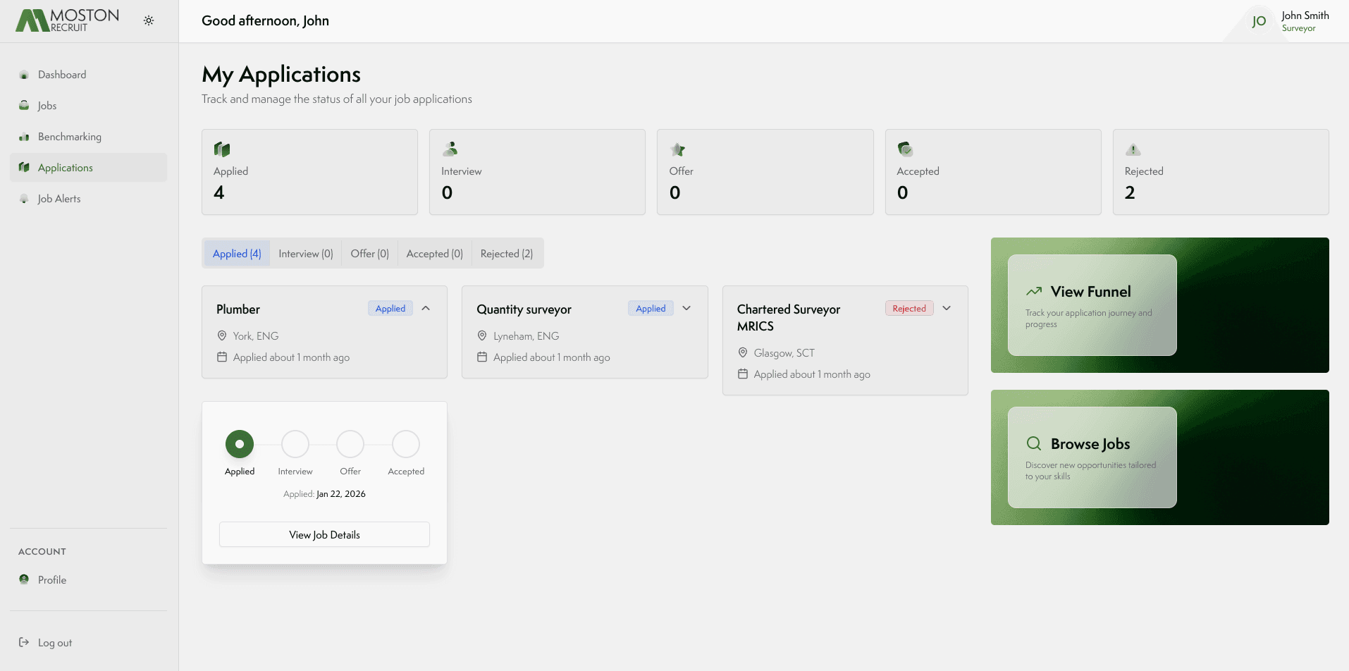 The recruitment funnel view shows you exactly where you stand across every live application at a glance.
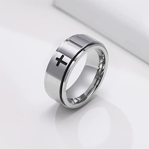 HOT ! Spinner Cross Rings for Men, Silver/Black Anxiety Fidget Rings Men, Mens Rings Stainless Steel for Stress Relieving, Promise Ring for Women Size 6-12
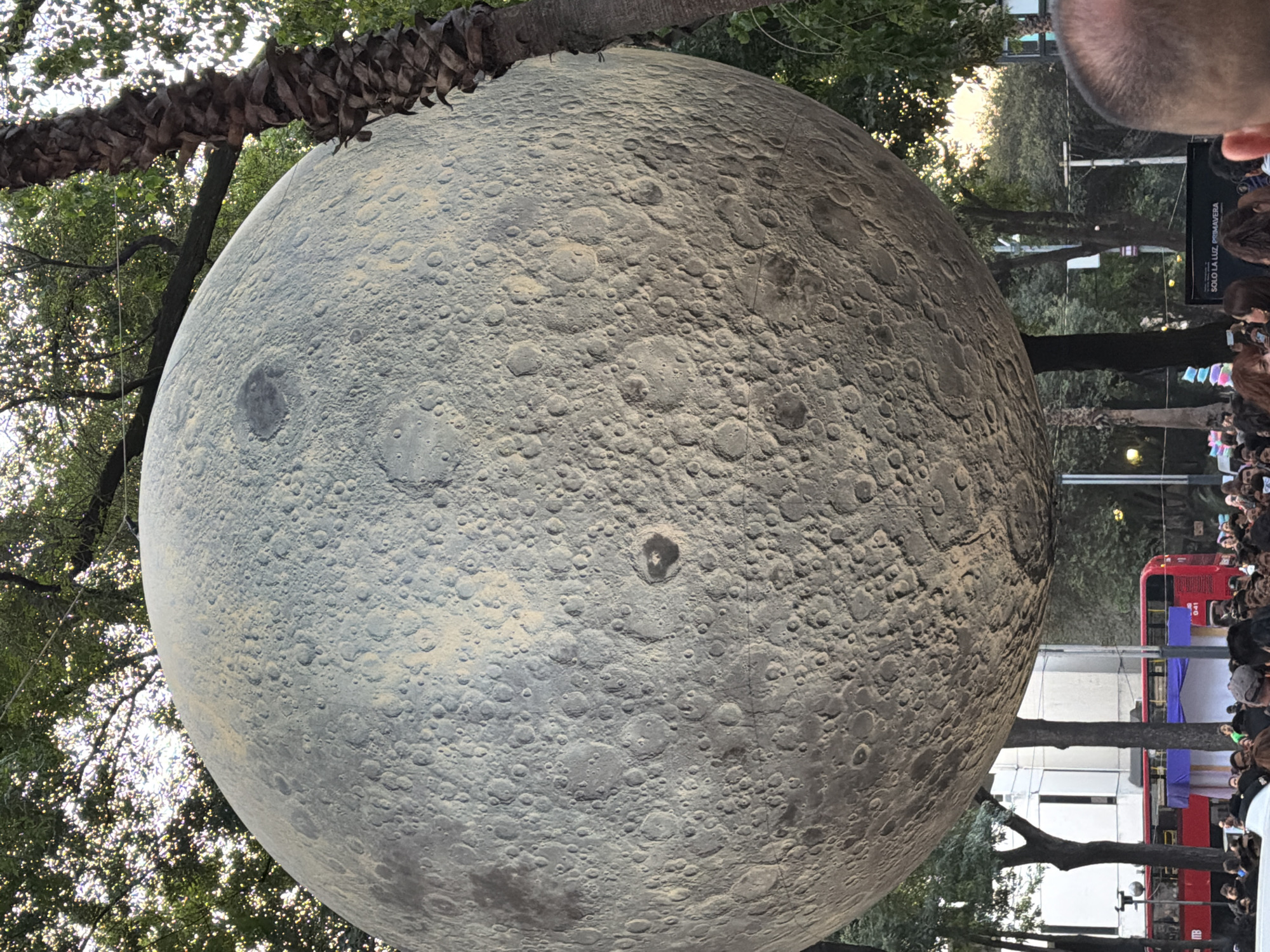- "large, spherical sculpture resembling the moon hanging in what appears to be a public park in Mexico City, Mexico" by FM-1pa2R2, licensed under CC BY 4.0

▬▬▬▬▬▬

## WHAT YOU SHOULD DO
Go through the listing and restate each line word for word, leaving out the pictures.

## SOLUTION TO THE PROBLEM
 The recruitment funnel view shows you exactly where you stand across every live application at a glance.
 HOT ! Spinner Cross Rings for Men, Silver/Black Anxiety Fidget Rings Men, Mens Rings Stainless Steel for Stress Relieving, Promise Ring for Women Size 6-12
- "large, spherical sculpture resembling the moon hanging in what appears to be a public park in Mexico City, Mexico" by FM-1pa2R2, licensed under CC BY 4.0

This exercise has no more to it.